__Records provided__:
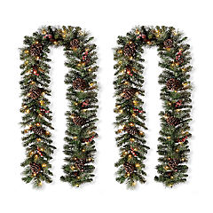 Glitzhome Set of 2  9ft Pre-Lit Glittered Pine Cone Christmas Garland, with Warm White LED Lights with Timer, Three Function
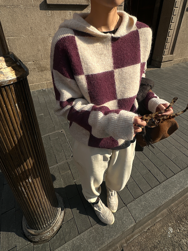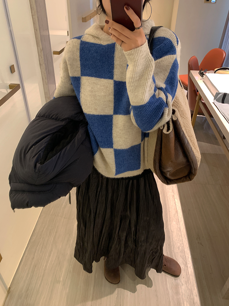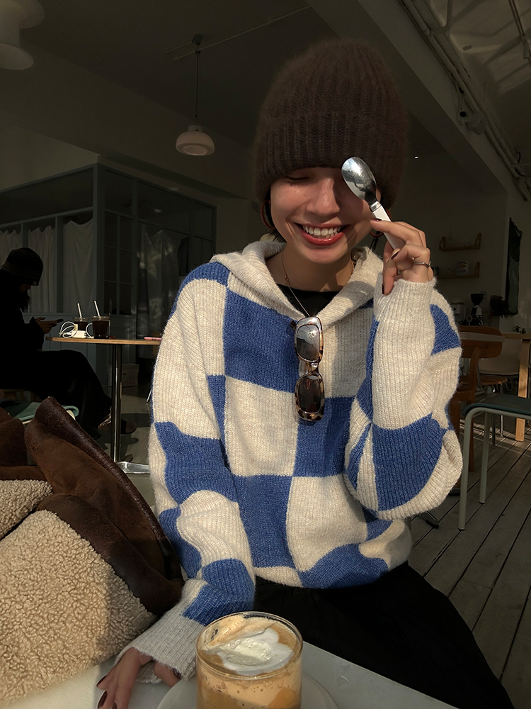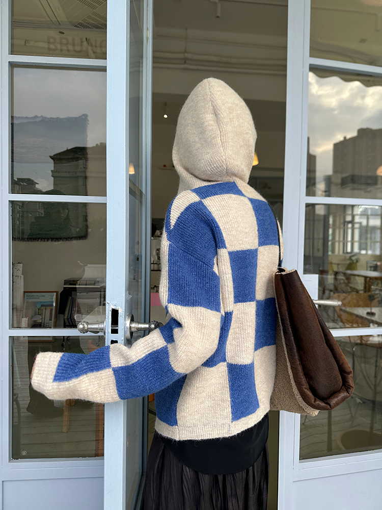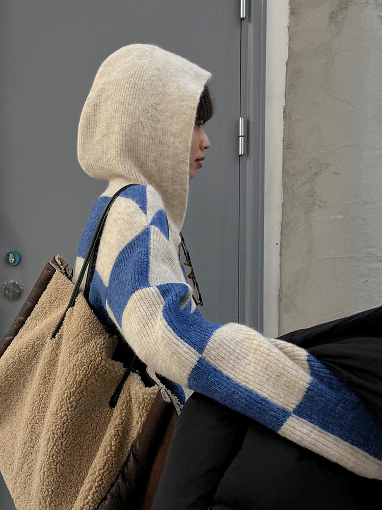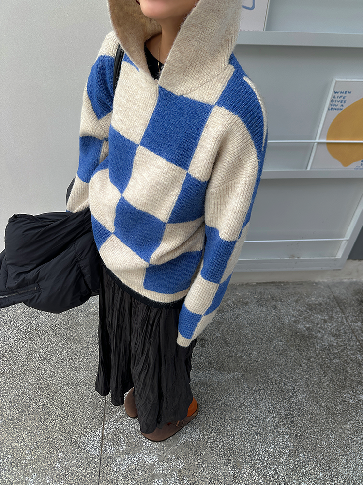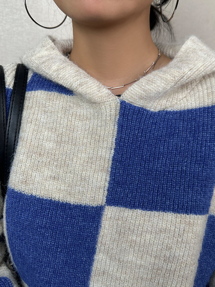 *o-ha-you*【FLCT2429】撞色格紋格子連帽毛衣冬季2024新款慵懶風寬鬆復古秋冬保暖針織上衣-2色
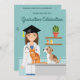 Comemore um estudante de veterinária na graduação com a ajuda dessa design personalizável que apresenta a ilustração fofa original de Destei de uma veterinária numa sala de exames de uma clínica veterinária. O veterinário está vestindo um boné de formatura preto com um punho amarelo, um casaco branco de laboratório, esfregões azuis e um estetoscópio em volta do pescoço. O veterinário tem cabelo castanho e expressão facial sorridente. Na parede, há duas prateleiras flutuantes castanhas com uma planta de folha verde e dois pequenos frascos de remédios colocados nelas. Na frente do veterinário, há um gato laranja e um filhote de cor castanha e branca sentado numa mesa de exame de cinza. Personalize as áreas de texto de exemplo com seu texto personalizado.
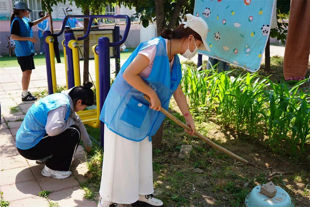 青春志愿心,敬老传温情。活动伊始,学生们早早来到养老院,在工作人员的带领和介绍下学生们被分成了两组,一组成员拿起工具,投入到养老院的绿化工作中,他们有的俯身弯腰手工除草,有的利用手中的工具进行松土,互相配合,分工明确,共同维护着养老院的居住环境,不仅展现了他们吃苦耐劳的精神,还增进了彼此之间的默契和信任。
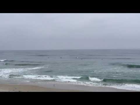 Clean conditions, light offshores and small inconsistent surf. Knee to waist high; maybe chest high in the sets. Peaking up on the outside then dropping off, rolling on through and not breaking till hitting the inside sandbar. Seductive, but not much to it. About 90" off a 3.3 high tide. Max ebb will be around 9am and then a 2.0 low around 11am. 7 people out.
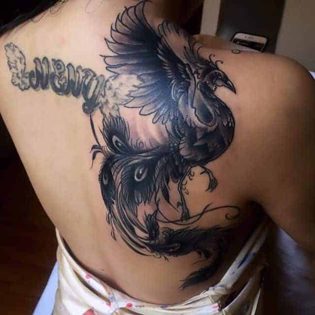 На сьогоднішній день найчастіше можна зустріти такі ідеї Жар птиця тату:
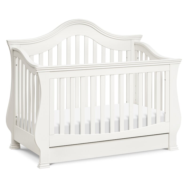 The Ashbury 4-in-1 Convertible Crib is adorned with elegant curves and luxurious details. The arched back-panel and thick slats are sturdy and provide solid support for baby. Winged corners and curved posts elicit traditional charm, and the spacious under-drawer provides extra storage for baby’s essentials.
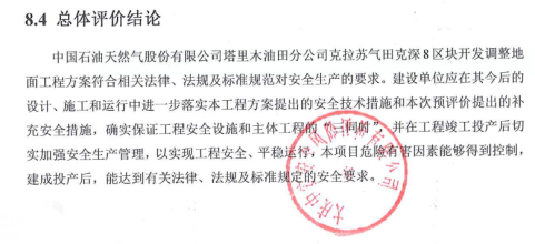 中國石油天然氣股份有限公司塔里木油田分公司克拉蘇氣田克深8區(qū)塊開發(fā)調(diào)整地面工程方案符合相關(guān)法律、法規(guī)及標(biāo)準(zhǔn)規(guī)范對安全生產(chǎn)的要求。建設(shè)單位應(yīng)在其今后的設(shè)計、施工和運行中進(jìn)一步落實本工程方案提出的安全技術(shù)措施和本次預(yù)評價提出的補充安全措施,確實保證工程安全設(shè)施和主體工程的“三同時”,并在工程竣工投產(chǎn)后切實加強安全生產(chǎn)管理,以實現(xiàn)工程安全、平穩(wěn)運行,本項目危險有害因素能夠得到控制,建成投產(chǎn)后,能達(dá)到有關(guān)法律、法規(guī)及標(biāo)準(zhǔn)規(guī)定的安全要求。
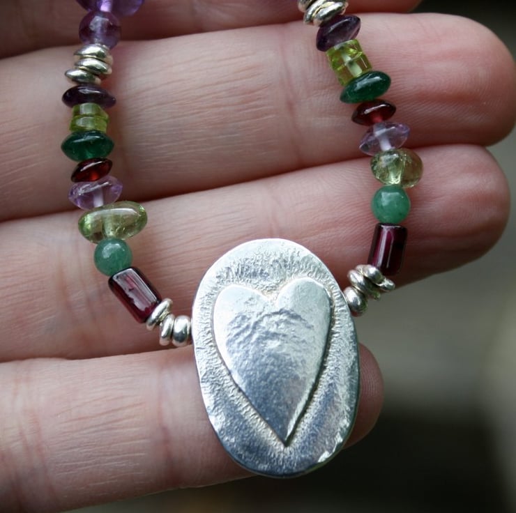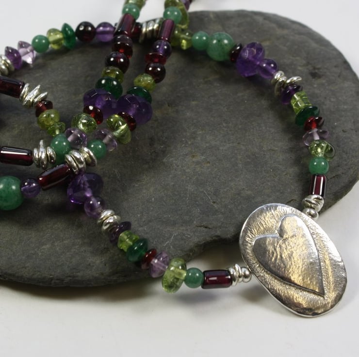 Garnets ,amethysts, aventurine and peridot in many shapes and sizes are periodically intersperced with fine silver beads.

__Your task__: Provide an exact copy of the records, excluding every picture.

__Completed exercise__:
 Glitzhome Set of 2  9ft Pre-Lit Glittered Pine Cone Christmas Garland, with Warm White LED Lights with Timer, Three Function
 *o-ha-you*【FLCT2429】撞色格紋格子連帽毛衣冬季2024新款慵懶風寬鬆復古秋冬保暖針織上衣-2色
 Comemore um estudante de veterinária na graduação com a ajuda dessa design personalizável que apresenta a ilustração fofa original de Destei de uma veterinária numa sala de exames de uma clínica veterinária. O veterinário está vestindo um boné de formatura preto com um punho amarelo, um casaco branco de laboratório, esfregões azuis e um estetoscópio em volta do pescoço. O veterinário tem cabelo castanho e expressão facial sorridente. Na parede, há duas prateleiras flutuantes castanhas com uma planta de folha verde e dois pequenos frascos de remédios colocados nelas. Na frente do veterinário, há um gato laranja e um filhote de cor castanha e branca sentado numa mesa de exame de cinza. Personalize as áreas de texto de exemplo com seu texto personalizado.
 青春志愿心,敬老传温情。活动伊始,学生们早早来到养老院,在工作人员的带领和介绍下学生们被分成了两组,一组成员拿起工具,投入到养老院的绿化工作中,他们有的俯身弯腰手工除草,有的利用手中的工具进行松土,互相配合,分工明确,共同维护着养老院的居住环境,不仅展现了他们吃苦耐劳的精神,还增进了彼此之间的默契和信任。
 Clean conditions, light offshores and small inconsistent surf. Knee to waist high; maybe chest high in the sets. Peaking up on the outside then dropping off, rolling on through and not breaking till hitting the inside sandbar. Seductive, but not much to it. About 90" off a 3.3 high tide. Max ebb will be around 9am and then a 2.0 low around 11am. 7 people out.
 На сьогоднішній день найчастіше можна зустріти такі ідеї Жар птиця тату:
 The Ashbury 4-in-1 Convertible Crib is adorned with elegant curves and luxurious details. The arched back-panel and thick slats are sturdy and provide solid support for baby. Winged corners and curved posts elicit traditional charm, and the spacious under-drawer provides extra storage for baby’s essentials.
 中國石油天然氣股份有限公司塔里木油田分公司克拉蘇氣田克深8區(qū)塊開發(fā)調(diào)整地面工程方案符合相關(guān)法律、法規(guī)及標(biāo)準(zhǔn)規(guī)范對安全生產(chǎn)的要求。建設(shè)單位應(yīng)在其今后的設(shè)計、施工和運行中進(jìn)一步落實本工程方案提出的安全技術(shù)措施和本次預(yù)評價提出的補充安全措施,確實保證工程安全設(shè)施和主體工程的“三同時”,并在工程竣工投產(chǎn)后切實加強安全生產(chǎn)管理,以實現(xiàn)工程安全、平穩(wěn)運行,本項目危險有害因素能夠得到控制,建成投產(chǎn)后,能達(dá)到有關(guān)法律、法規(guī)及標(biāo)準(zhǔn)規(guī)定的安全要求。
 Garnets ,amethysts, aventurine and peridot in many shapes and sizes are periodically intersperced with fine silver beads.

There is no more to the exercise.